Notes from the Reading:
Understanding Learning- Bloom's Taxonomy was updated in 2001 by a team of cognitive psychologists:
Combining the idea of the cognitive processes used to manipulate or work with information with the idea that there are different types of knowledge Anderson and Krathwohl developed a two-dimension taxonomy of learning.
1- Factual Knowledge: elementary knowledge of an subject including terminology and knowledge of details and elements.
2- Conceptual (declarative) Knowledge:
an understanding of the interrelationships among the basic elements within a larger structure (concepts) that enables them to function together.
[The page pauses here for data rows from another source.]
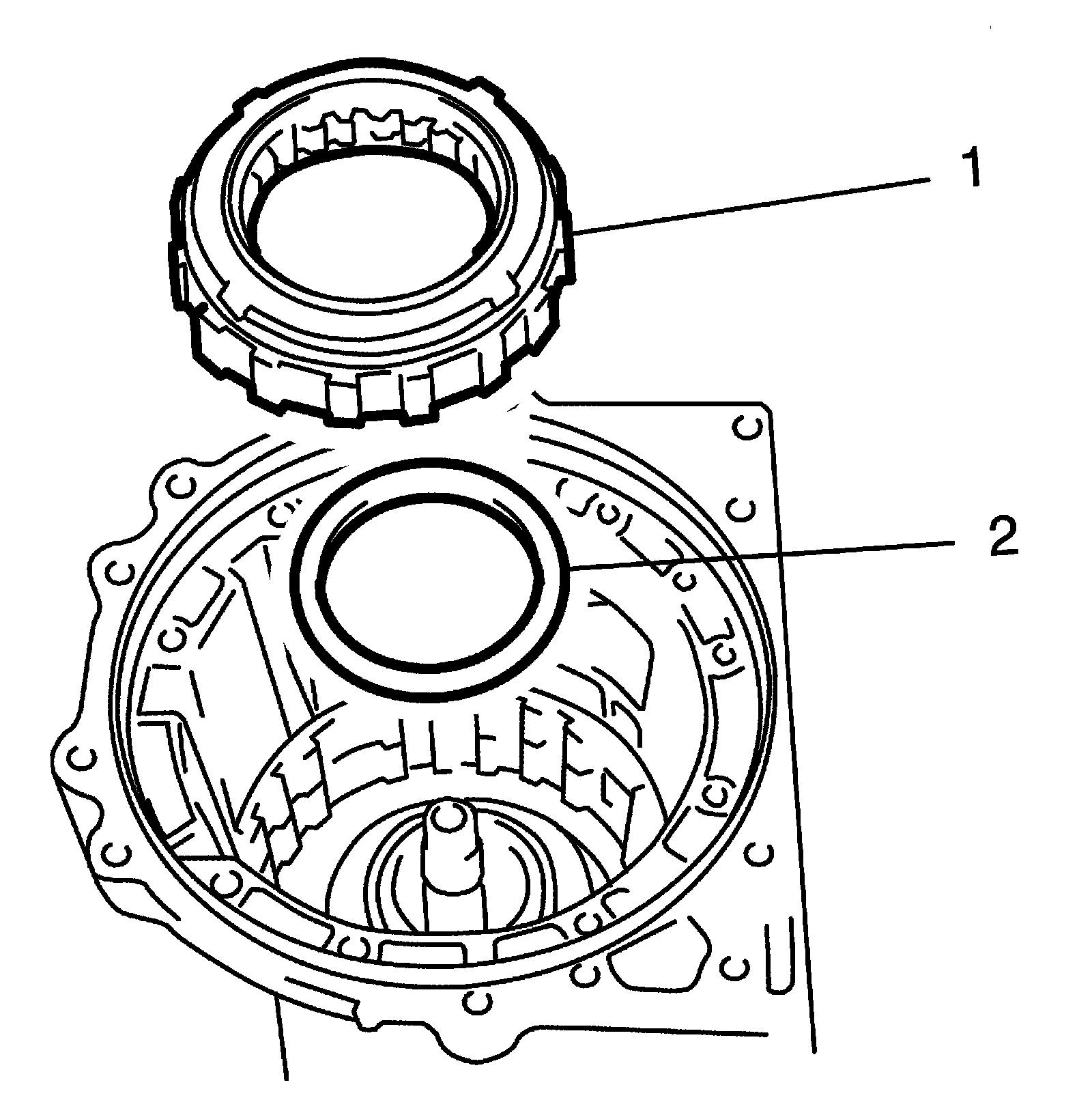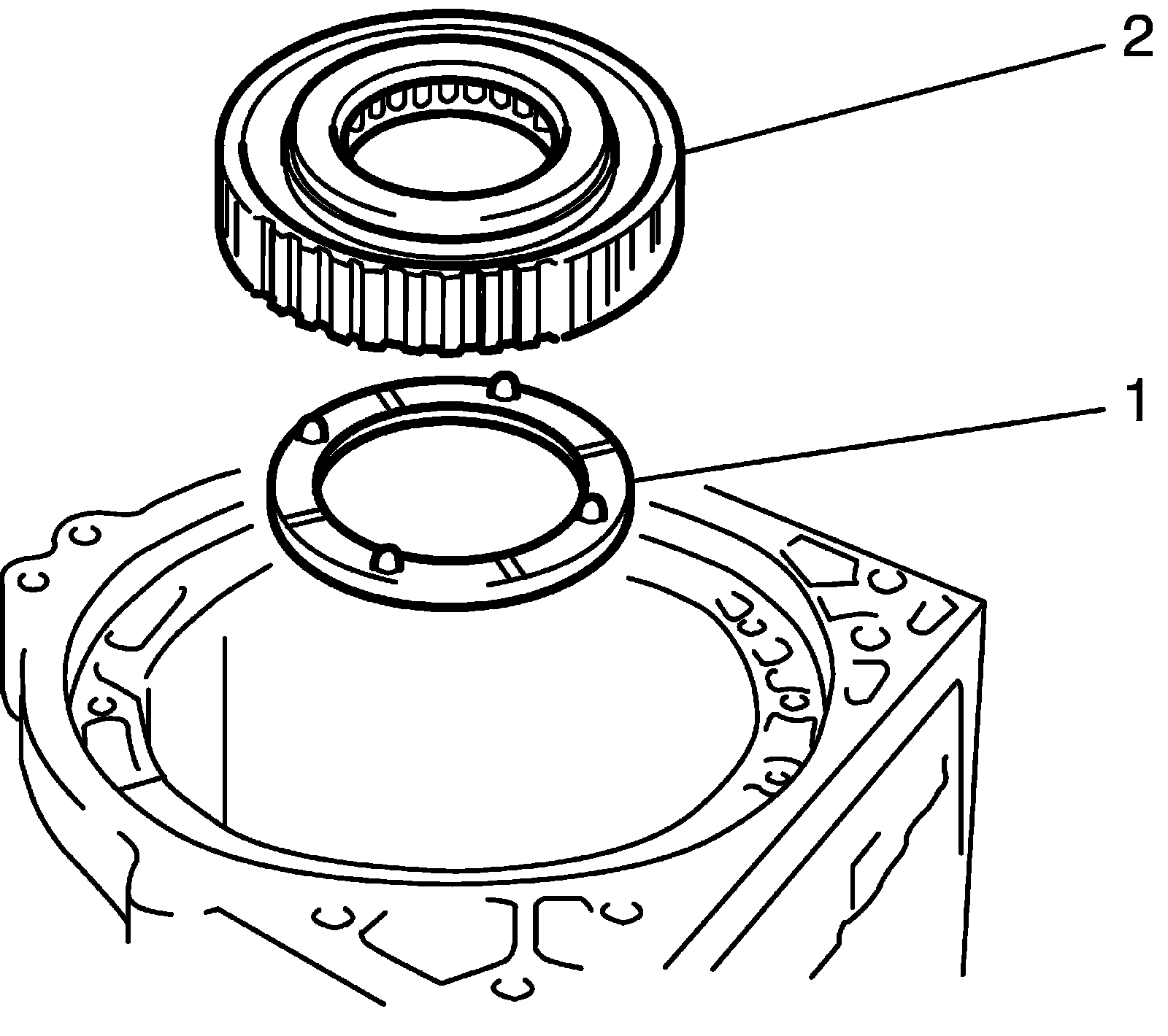 61) Install clutch hub thrust washer (1) and one-way No.2 clutch assembly (2) to transmission case.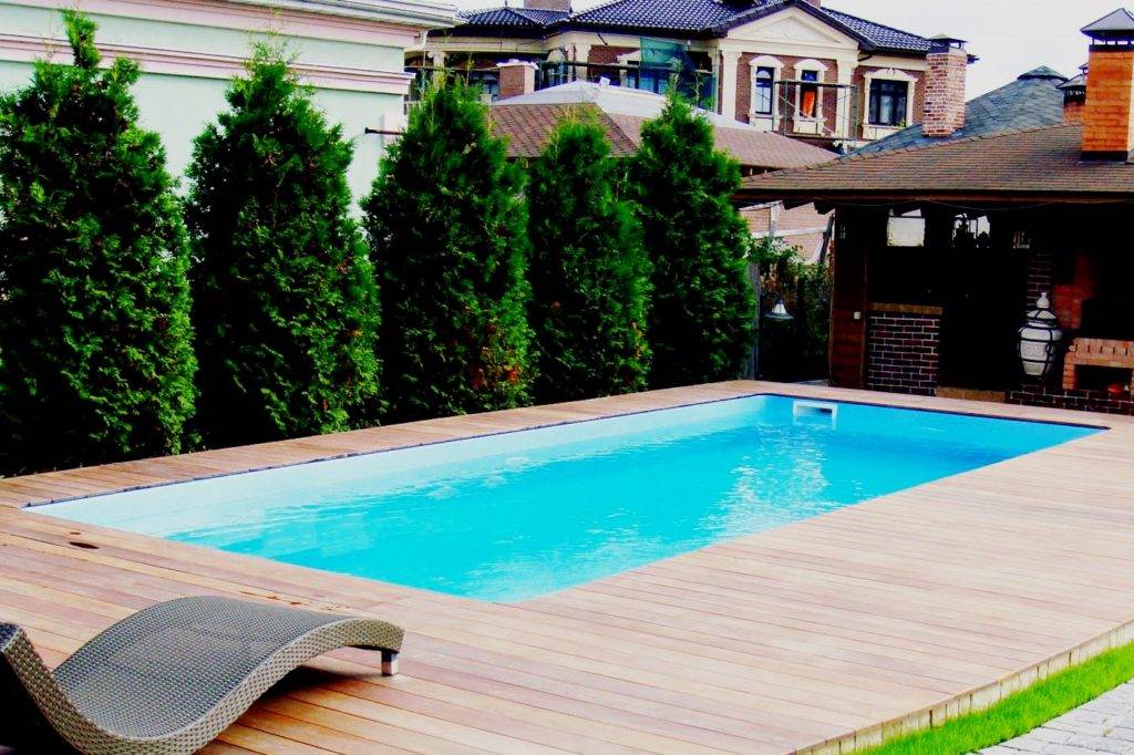 Коттеджные участки обычно имеют прямоугольную форму. Это означает, что такие бассейны устанавливаются легче, чем круглые. Для установки бассейна необходимо тщательно продумать его расположение. Одно из самых подходящих мест — вдоль забора на краю участка. Помните, что прямоугольные чаши не сильно нагреваются на солнце, поэтому частично затененные участки для них не подходят.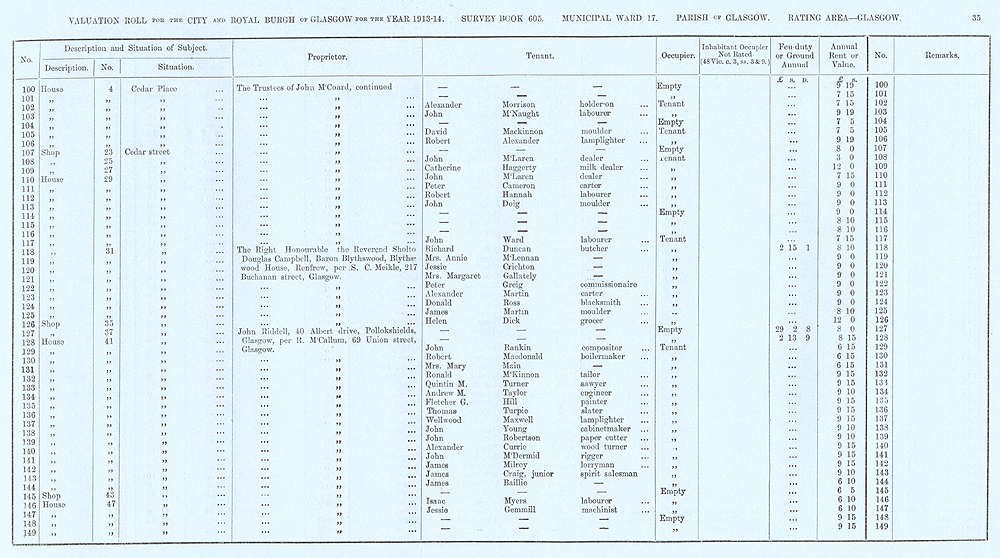 Glasgow Valuation Roll VR 1913-14, Ward 17, p035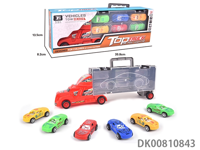 Portable gift box container sliding tractor with 6 return sports cars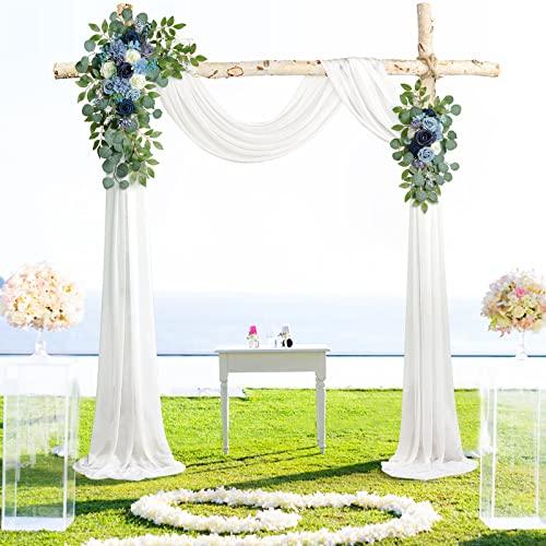 Dusty Blue Artificial Wedding Arch Flowers Kit(Pack of 3), with 26Ft Shiny White Wedding Arch Draping Fabric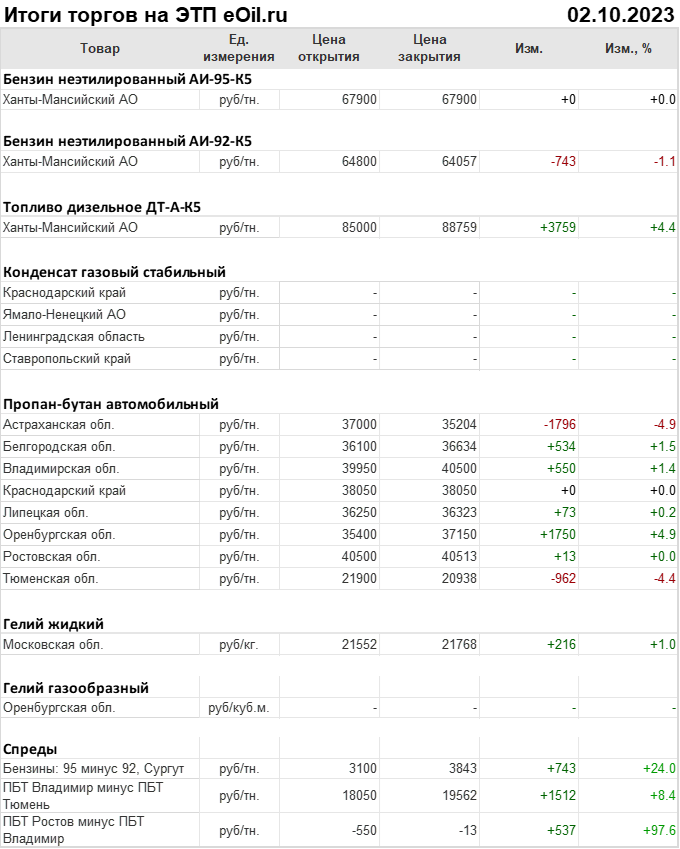 Итоги торгов на ЭТП eOil.ru 2 октября 2023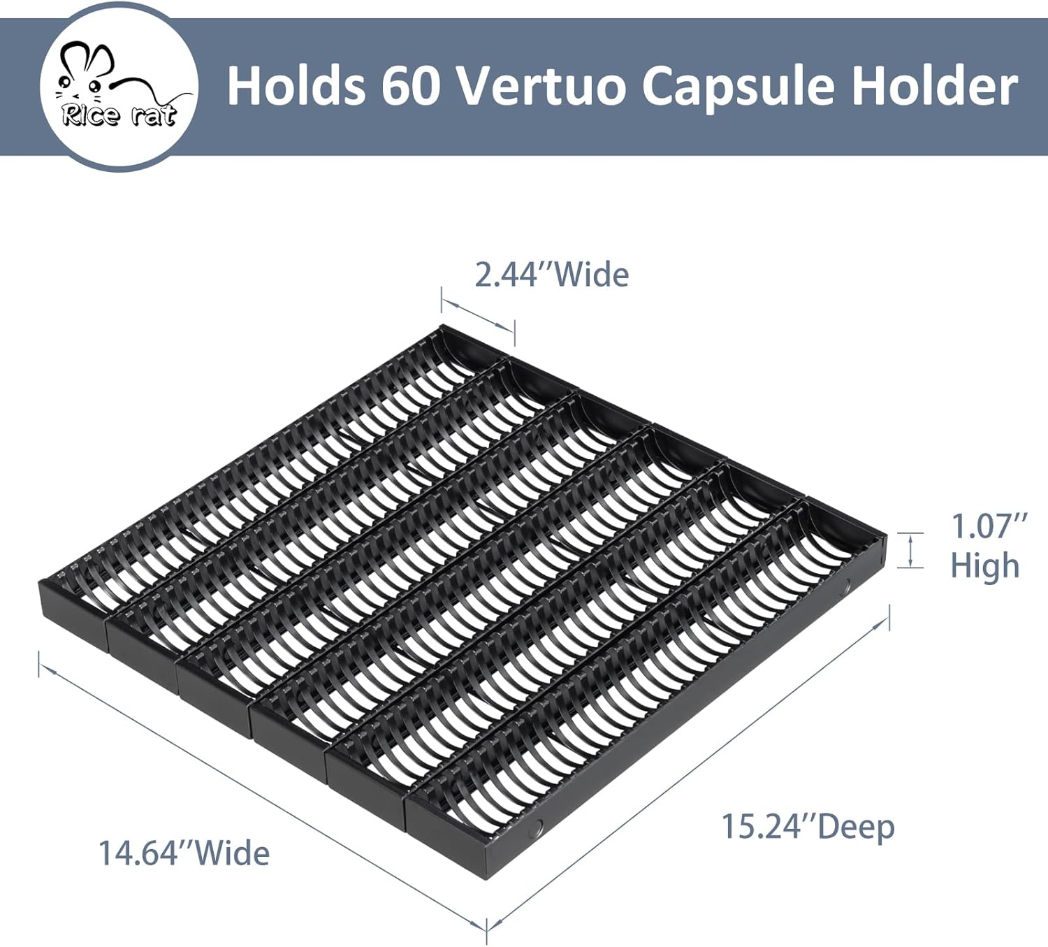 - 【Fits All Size Vertuo Pods】 Universal design,latest Pod drawer easily fits all sizes of Vertuo capsules. Maximum Capacity: (24 pods 12/18 oz) or (33 pods 7.8/5/2.7oz) or (48 pods 1.35oz)

3-Procedural Knowledge: an understanding of how to do something, methods of inquiry, and criteria for using skills, techniques, algorithms and methods.
4-Meta-cognitive Knowledge: is an understading of cognition in general as well as awareness and knowledge of one's own cognition.
The revision Bloom's Taxonomy also changed the labels from nouns to verbs and, more importantly switched level 4 with level 5 making Creating a higher level than Evaluating:
So Bloom's Tax. version 1.0
Level 1 Knowledge
Level 2 Comprehension
Level 3 Application
Level 4 Synthesis
Level 5 Evaluation
Lead to Bloom's Tax version 2.0
Level 1 Remembering
Level 2 Understanding
Level 3 Applying
Level 4 Evaluating
Level 5 Creating
My Response to the Reading:
I love the change in Bloom's taxonomy from nouns to verbs!
I also wonder at the cultural bias that lead to Bloom placing Evaluation above Synthesis, and the 2.0 version to value Creating over Evaluating.
Notes on the Reading:
Constructivism= views learning as a process in which the learner activiely constructs new knowledge based on current and past knowledge
Project Based Learning= a constructivist approach that encourages learning in depth by allowing students to use inquiry-based methods to engage with issues that are rich, real, and relelvant to their lives.
Connectivism= an approach to learning that considers technology a key factor.